Me han hablado de un restaurante en St. Louis, Misuri, que sirve habitualmente estofado de carne de león. Supongo que será león de criadero. Viajar por Estados Unidos consiste en descubrir esas cocinas bárbaras que florecen en la misma cuna del imperio. Hay que entrar en lo más oscuro y fétido de los pantanos de Luisiana para probar el escabeche de cola de cocodrilo, carne blanca, fibrosa, alimonada, macerado en ollas de acero inoxidable fabricadas en Taiwan. Y es necesario llegar a Chocolate Mountains, montañas de ese color, casi en la raya con el Estado mexicano de Sonora, para echarse unas cervezas delante de un plato de chipulines, esos minúsculos saltamontes de vuelo azul, ojos negros y abombados, cuerpo de máquina segadora, fritos y salados, que al paladar tienen el gusto a yodo de la crema de nécoras y la consistencia de las pipas de girasol.

Y considera el autor que no hay comida exótica que no inspire el temor a morir envenenado o al menos a sufrir una transformación de identidad.

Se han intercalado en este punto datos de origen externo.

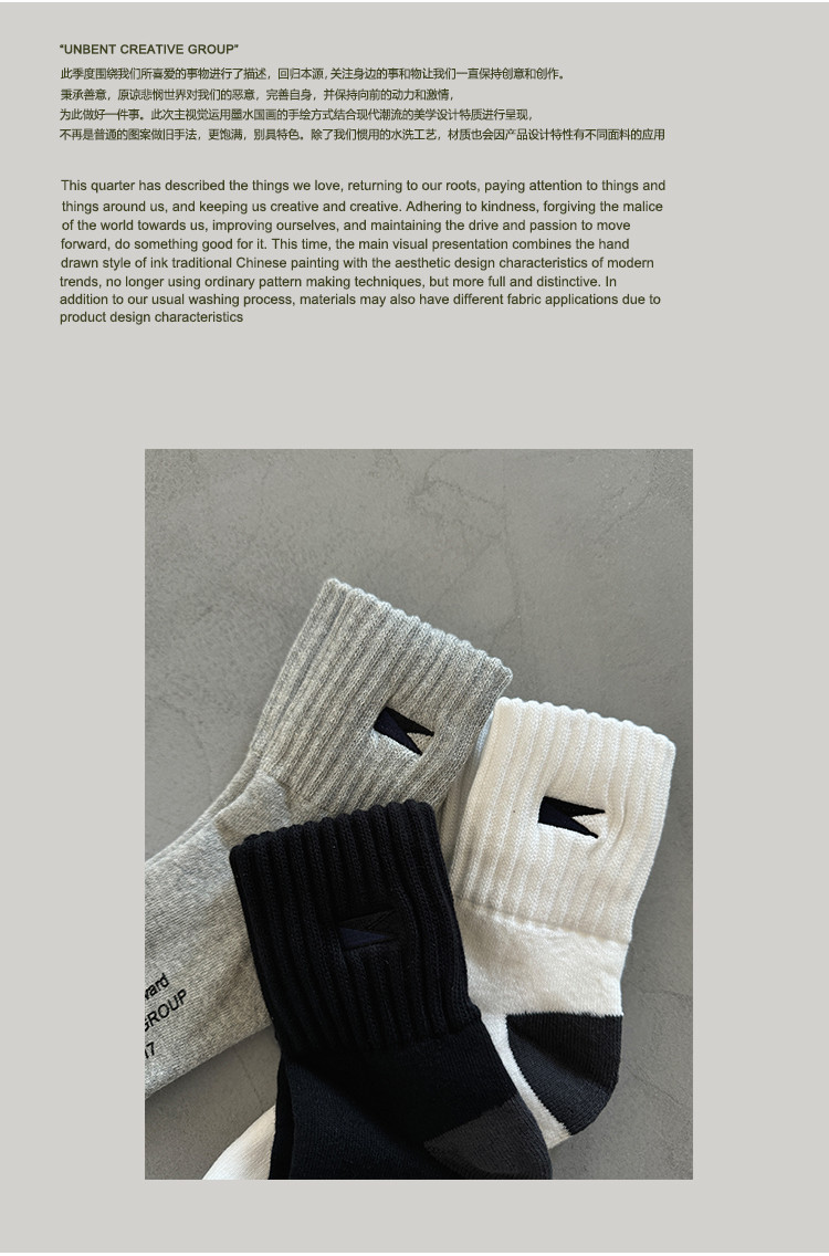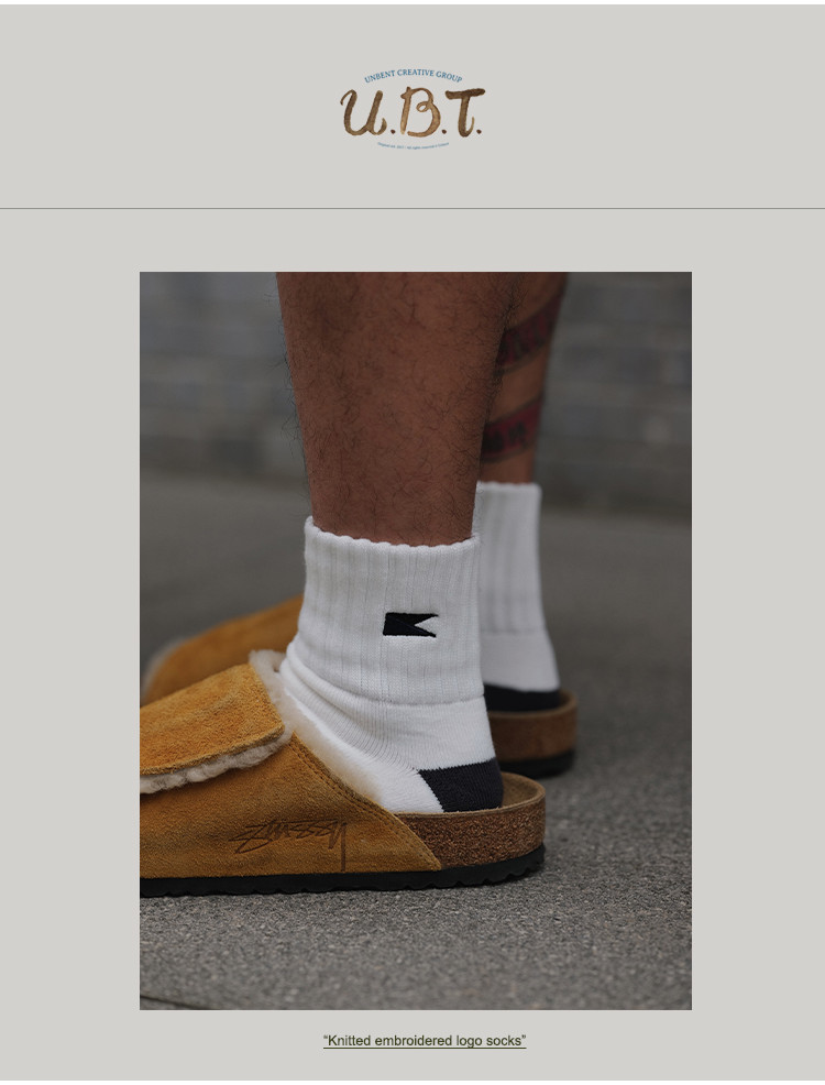 商品資訊:UNBENT 刺繡旗幟logo純棉透氣運動中筒襪

Digerir cocodrilo es algo así como cruzar un umbral iniciático para pertenecer al clan del cocodrilo lo mismo que el cristiano digiere el cuerpo de Cristo para pertenecer a Su clan. Es posible que una dieta regular de saltamontes provoque un fenómeno alucinógeno, y uno se sienta plaga, y su cuerpo se agite como el de Behemoth, aquel animal múltiple, plural cómo un hormiguero, cuyo cuerpo era el cuerpo simultáneo de infinitos animales. El otoño culmina el Día de los Difuntos. Cuando llega el 1 de noviembre los niños mexicanos mordisquean calaveras de dulce, lo que equivale a roer el cráneo del abuelo. El espíritu de los antepasados se asimila por vía digestiva. Nosotros sacamos ese día a la mesa huesos de santo, osamentas imitadas de nuestros panteones, reliquias de crema y nata que apenas disimulan con una alusión cristiana la misma ceremonia de antropofagia familiar. En términos mágicos somos lo que comemos, cocodrilo, saltamontes o herederos de todo el santoral. En España, nuestro animal totémico es el toro, y eso explica la exquisita afición de comer sus criadillas rebozadas, empanadas o rehogadas con ajo y perejil, y abundan los restaurantes donde preparan un estofado triunfal con el rabo de las mejores corridas (como sucede con los vinos de La Rioja, también hay rabo de división de opiniones y rabo vulgar).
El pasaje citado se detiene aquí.